■ **TASK STATEMENT**: Your task is to repeat the entries word for word while leaving out the pictures.
========
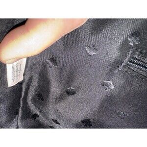 A few makeup stains on the interior that are very small and hardly noticeable. The outside is in excellent used condition with no major flaws. Original strap that is removable if you want to use it as a handbag.
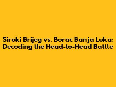 Siroki Brijeg Vs. Borac Banja Luka: H2H Showdown
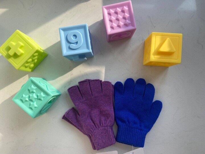 店主给寄过来4双样品,2双露指、2双全指,各种尺码各一双。我自己偏好柔和色调,本来看店主拍的颜色感觉太亮了,怕不好看,到手之后反而觉得亮色挺好看的,童年就是要五颜六色呀~
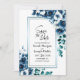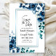 Avise seus amigos e família sobre seu dia especial em estilo com este moderno cartão azul de casamento floral. Os modelos de texto fáceis de usar tornam a adição de todas as informações necessárias uma tarefa rápida e simples. Com uma variedade de tipos de papel e estilos de canto para escolher, você pode criar placas verdadeiramente exclusivas que reflitam sua individualidade, juntamente com a opção de baixar se preferir um formato digital.
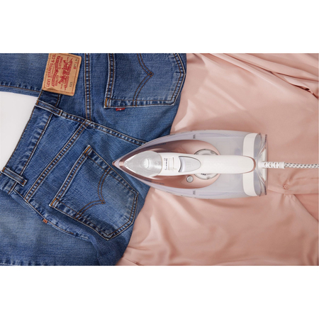 Длинный шнур питания позволяет легко перемещаться по комнате, найти удобное гладильное место и даже смотреть телевизор или общаться с семьей во время работы.
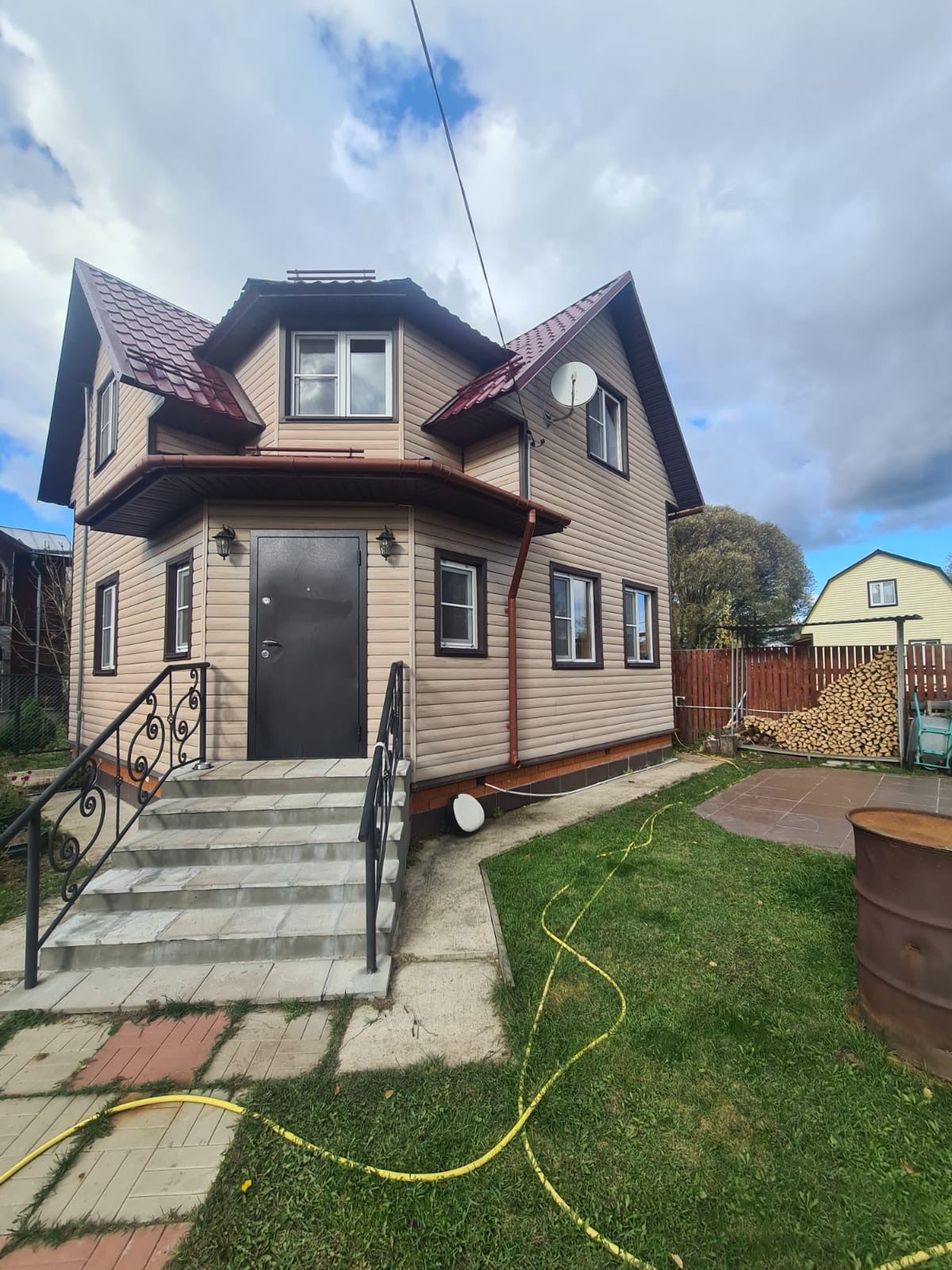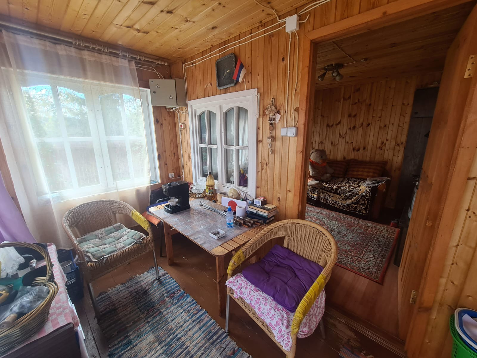 Дача находится в охраняемом СНТ, на участке 2 дома, основной и летний, Основной дом 2-х этажный 110 кв.м, брусовой, фундамент ленточный, сайдинг Блок Хаус, Утепленный, крыша Металлочерепица, Септик 4 секции. Электричество 7 кв. Планируется газ. ( идет оформление) Отопление твердо-топливный котел,С\У и Душ в доме. Вода в дом заведена.
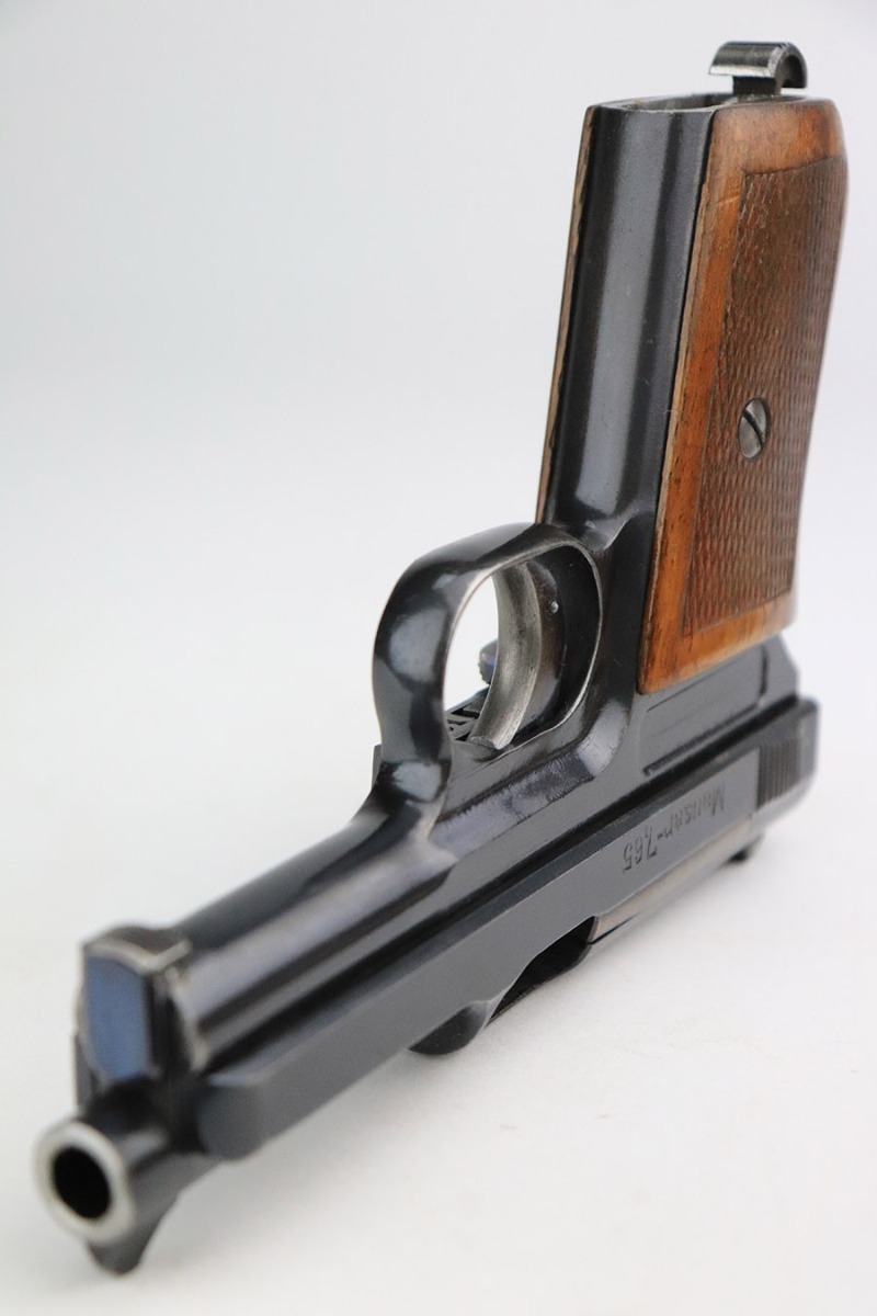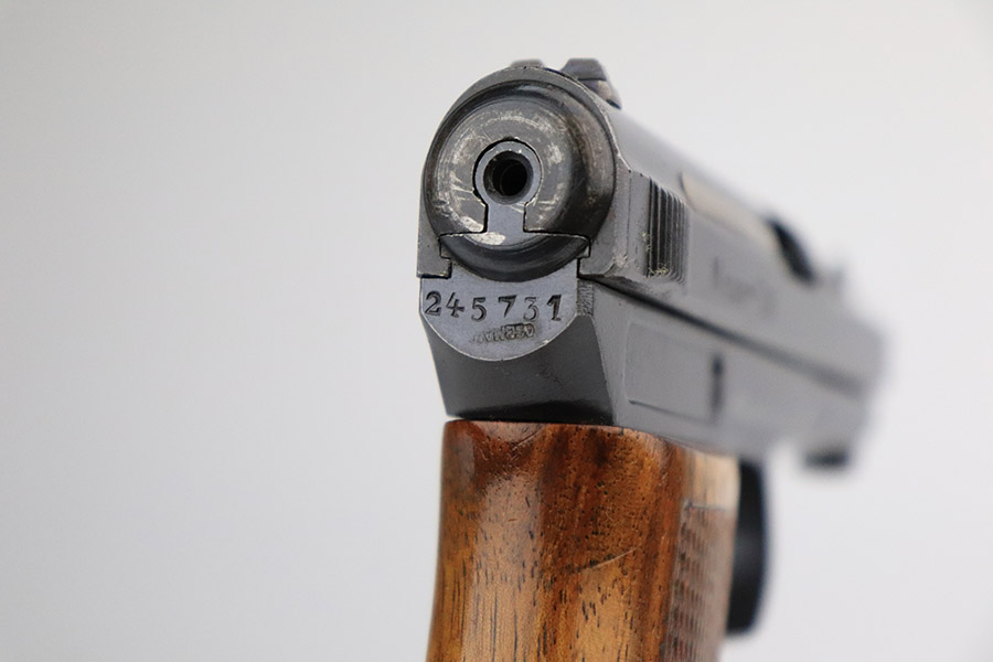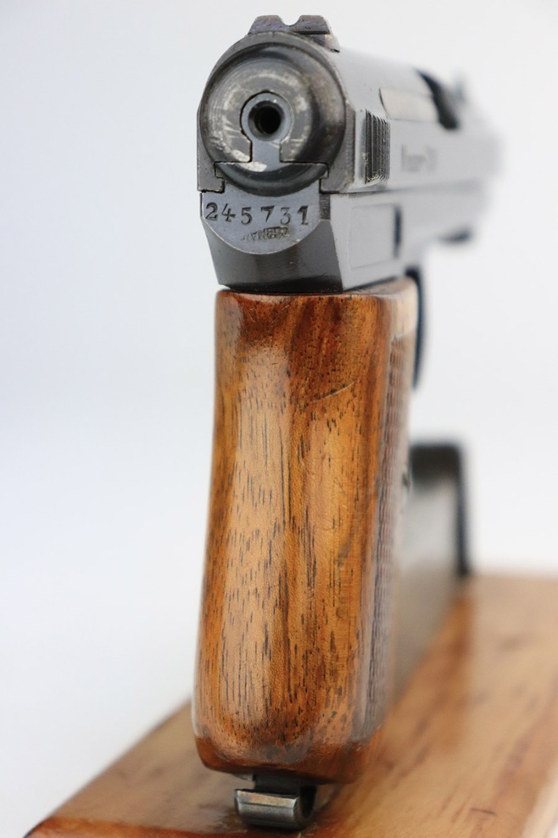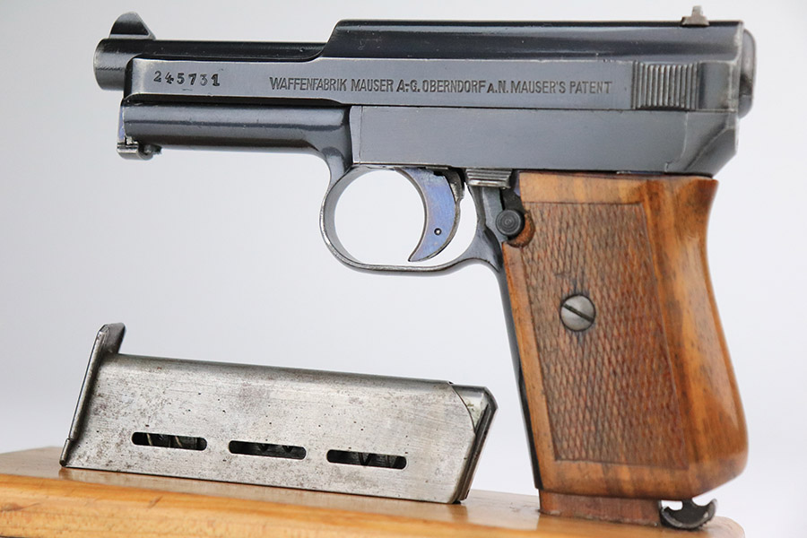 10/26/22 – This is an excellent example of a Mauser Model 1914 sold in the commercial market in the 1920’s. It is all matching and properly “Crown U” proofed. “Germany” export marking on the back of the frame. It has retained about 97% of its original finish. The majority of the finish loss is in an area at the very back of the slide and frame. Very minor muzzle and high edge wear. Very minor thinning and pin-pricking on the front strap. Comes with a very nice wood grip and one proper magazine. Excellent bore with strong rifling.
========
■ **YOUR RESPONSE**:
 A few makeup stains on the interior that are very small and hardly noticeable. The outside is in excellent used condition with no major flaws. Original strap that is removable if you want to use it as a handbag.
 Siroki Brijeg Vs. Borac Banja Luka: H2H Showdown
 店主给寄过来4双样品,2双露指、2双全指,各种尺码各一双。我自己偏好柔和色调,本来看店主拍的颜色感觉太亮了,怕不好看,到手之后反而觉得亮色挺好看的,童年就是要五颜六色呀~
 Avise seus amigos e família sobre seu dia especial em estilo com este moderno cartão azul de casamento floral. Os modelos de texto fáceis de usar tornam a adição de todas as informações necessárias uma tarefa rápida e simples. Com uma variedade de tipos de papel e estilos de canto para escolher, você pode criar placas verdadeiramente exclusivas que reflitam sua individualidade, juntamente com a opção de baixar se preferir um formato digital.
 Длинный шнур питания позволяет легко перемещаться по комнате, найти удобное гладильное место и даже смотреть телевизор или общаться с семьей во время работы.
 Дача находится в охраняемом СНТ, на участке 2 дома, основной и летний, Основной дом 2-х этажный 110 кв.м, брусовой, фундамент ленточный, сайдинг Блок Хаус, Утепленный, крыша Металлочерепица, Септик 4 секции. Электричество 7 кв. Планируется газ. ( идет оформление) Отопление твердо-топливный котел,С\У и Душ в доме. Вода в дом заведена.
 10/26/22 – This is an excellent example of a Mauser Model 1914 sold in the commercial market in the 1920’s. It is all matching and properly “Crown U” proofed. “Germany” export marking on the back of the frame. It has retained about 97% of its original finish. The majority of the finish loss is in an area at the very back of the slide and frame. Very minor muzzle and high edge wear. Very minor thinning and pin-pricking on the front strap. Comes with a very nice wood grip and one proper magazine. Excellent bore with strong rifling.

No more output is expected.